A damaged Oyster card showing the RIFD tag and the aerial around the edge of the card

And we have all become used to them too: the E-Z Pass, FastTrak etc. system of automatic toll collection is something anyone who drives a car is now familiar with. If you use ZipCar, the locking system uses RIFD. The Oyster card, used in London’s public transport works off an RIFD tag, as does my E-passport which was issued in 2007 (apparently E-passports can be hacked, but what can’t?). Walmart is beginning to require suppliers to attach RIFD tags to shipments to ease supply chain management, and many companies now use RIFD in place of swipe cards for access control. There was talk a couple of years ago about our putting RIFD tags in books, which as far as I know hasn’t happened yet. However libraries have been using RIFD, though I’m not sure it has caught on in a big way.

This guy, eager to get a jump on things has gotten an RFID tag implanted in his hand and tells us about it on Medium‘s Backchannel. This may be going too far too fast for many of us. However The Guardian brings us a video report on a Swedish company offering its staff RIFD implants! One of them allowed as how it felt very 2015. But people have less compunction about putting tags in animals: according to Wikipedia all cattle, sheep and goats sold in Australia have to have RIFD tags.

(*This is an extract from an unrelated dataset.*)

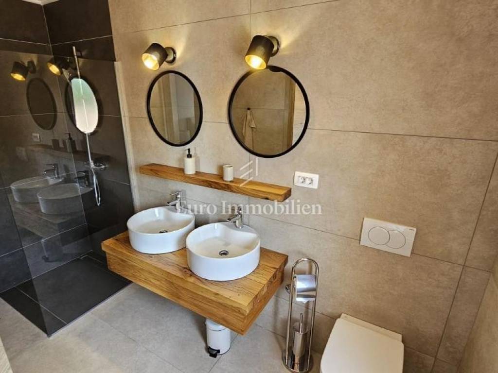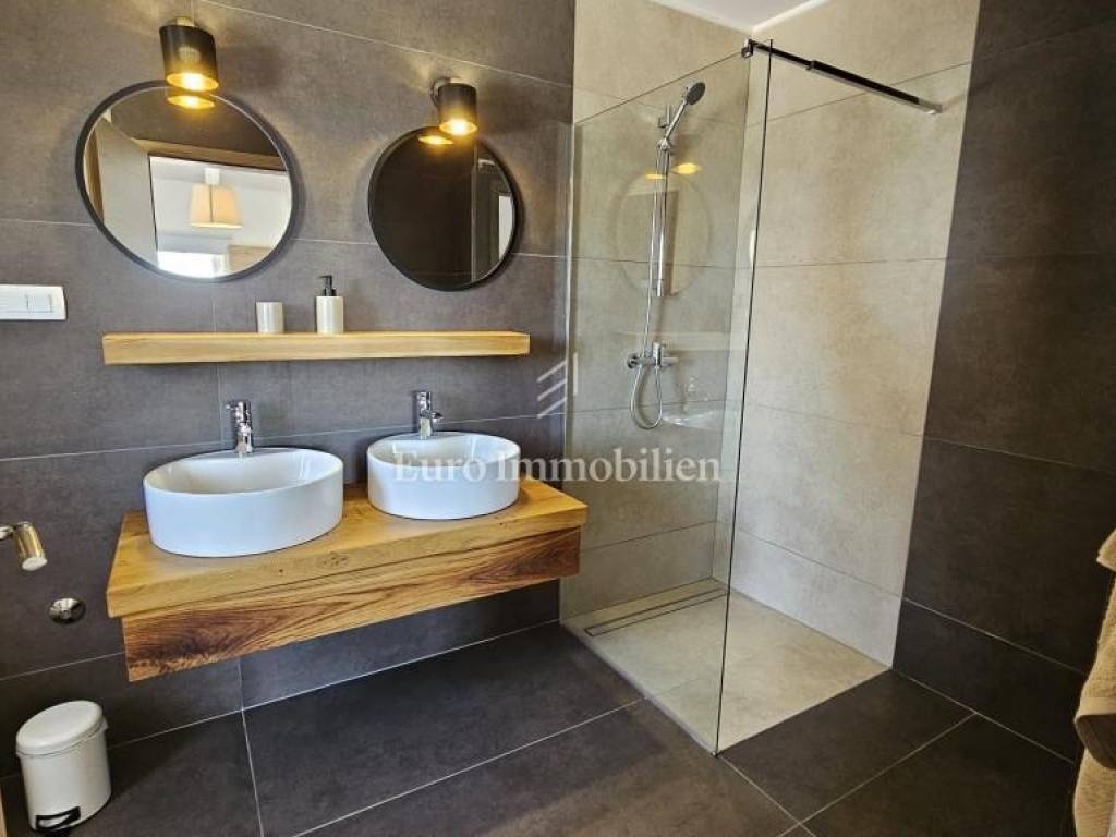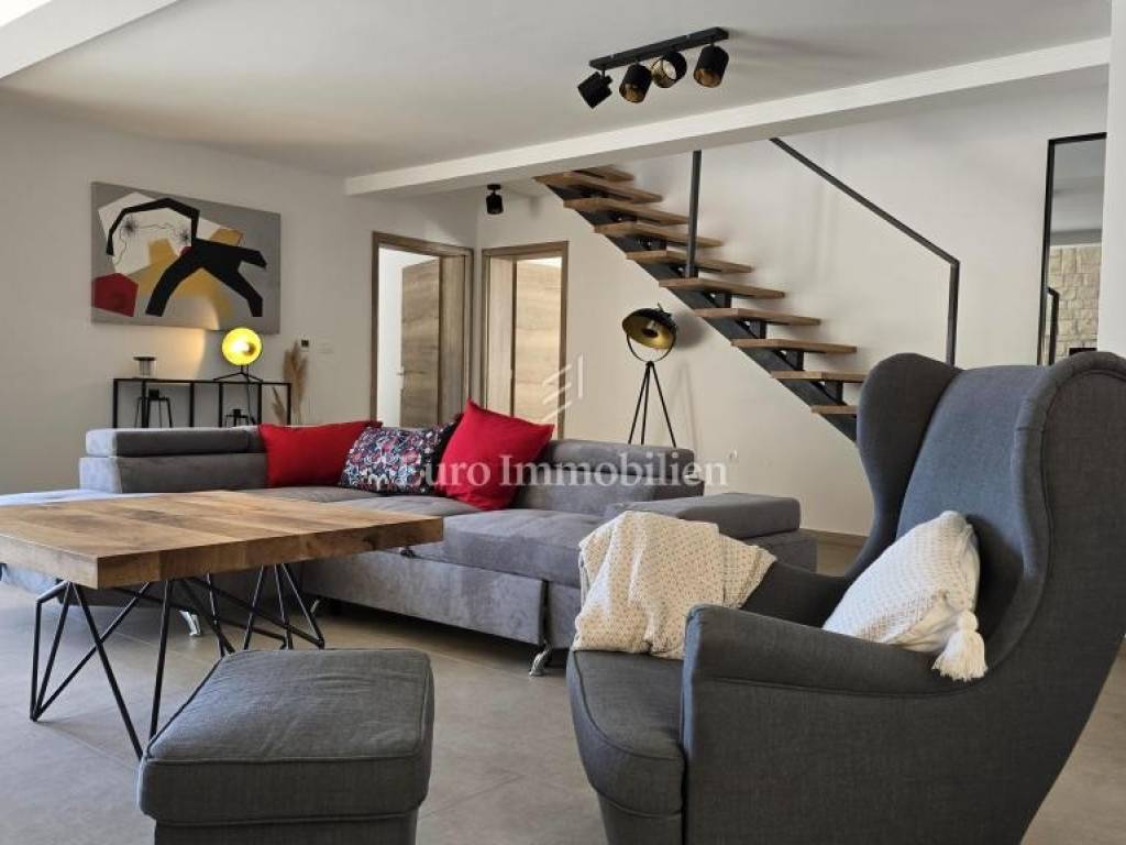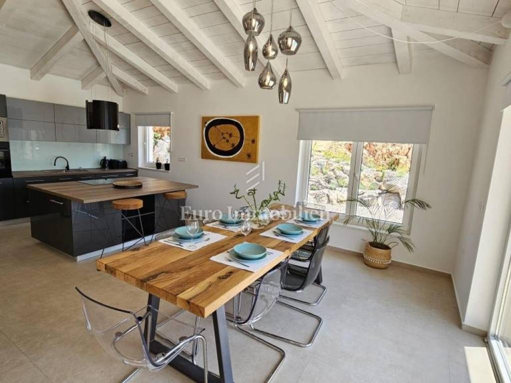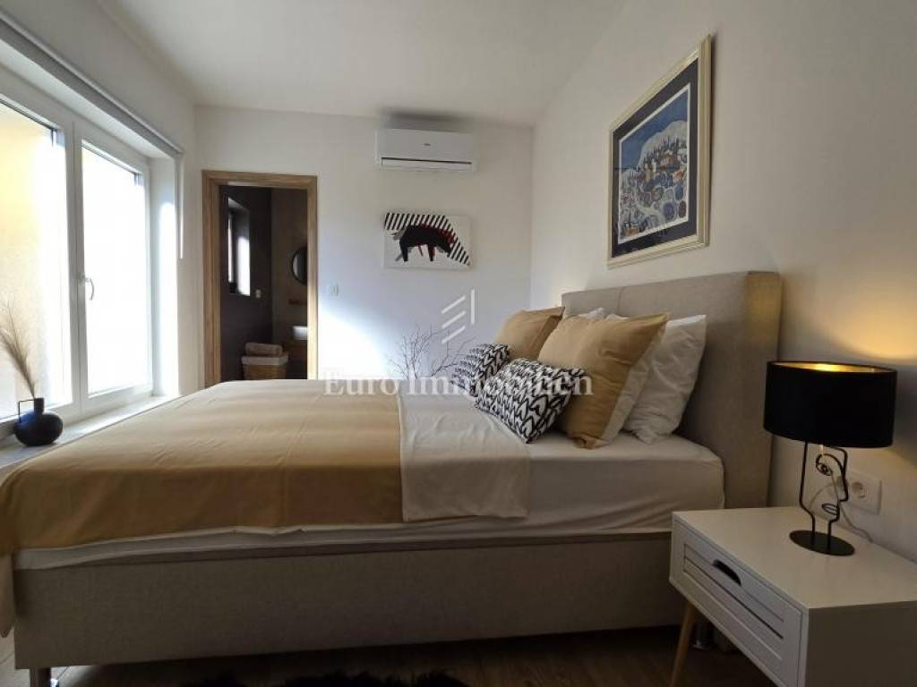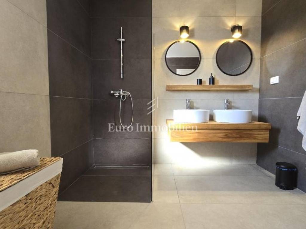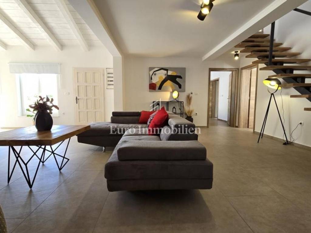 Prodaje se kamena villa rustikalnog stila, građena istarskim kamenom iz mjesta Kanfanar. Ima površinu 200 m2 + 36 m2 garaže + 10 m2 strojarnice + 35 m2 grijanog bazena s elektrolizom vode i postavljenom keramikom u bazenu, dok je ukupna površina zemljišta, koja je uređena autohtonim mediteranskim biljem, maslinama, prirodnim stijenama čak 1.200 m2. Smještena na jednoj od najljepših lokacija na Kvarneru, u mjestu Jadranovo, vila predstavlja savršen spoj tradicije i luksuza. Villa ima smještajni kapacitet za osam osoba i ima četiri spavaće sobe s ensuite kupaonicama. U prizemlju ville nalaze se dvije spavaće sobe, prostrani osvijetljeni dnevni boravak s dodatnim kaučem na razvlačenje za dvije osobe, te moderno opremljena kuhinja s blagovaonicom. Na gornjem se katu nalaze još dvije spavaće sobe s panoramskim pogledom na more. Čitav prostor je klimatiziran, ugrađena je dizalica topline (podno grijanje) i kamin. Na terasi popločanoj kamenom nalazi se prekrasni, keramikom obloženi grijani bazen s elektrolizom vode, veličine 35 m2 i dubine 1,7 m i hidromasažna kada (Jacuzzi) za 6 osoba, osam ležaljki za sunčanje s jastucima, vanjski stol za jelo od slavonskog hrasta, te vanjski zidani kameni roštilj. U potpuno ograđenom dvorištu ville na raspolaganju su i dva parkirna mjesta u garaži. Villa je smještena na izoliranoj lokaciji daleko od gradske buke, te je okružena prirodom. Najbliža plaža udaljena je 900 m.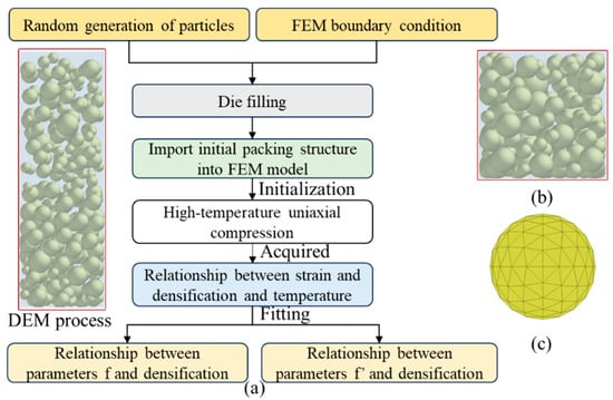 The powder particle size used in HIP is on the micrometer scale. Therefore, a smaller numerical model is employed, with sufficiently small grid divisions to ensure the accuracy of the simulation results. Initially, a particle-scale finite element geometric model is constructed in the DEM. The powder material is simplified as spherical, with particle sizes ranging from 20 to 100 μm. The actual particle size distribution of the material is also considered, with the powder diameter following a normal distribution. Figure 3 shows the flow chart of the coupled thermos–mechanical mesoscopic numerical simulation of the powder HIP process, where each particle is assigned an independent mesh and treated as a distinct individual for calculation. The simulation was conducted at temperatures ranging from 700 °C to 1100 °C under an applied axial pressure of 120 MPa. The inter-particle friction coefficient was set to 0.2.

Beacons work the other way round. They use Bluetooth technology to send out signals to receptive passers-by. Apple even has iBeacon. Brave New World tells us of the possibility of our getting notifications as we walk around telling us to enter and buy. And it is beginning to happen: Publishers Weekly reports on early beacon installations in New York and San Francisco, and others in preparation. I suspect however that if bookshops use them so too will everyone else, so as you walk by you’ll be being told there’s a nice discount on Kazuo Ishiguro’s latest, and that fresh donuts have just been delivered, and that those jeans you need are available, and that snow boots are essential, and that . . , and that . . . in a cacophony of such dimension that you’ll have to switch off your smart phone at once.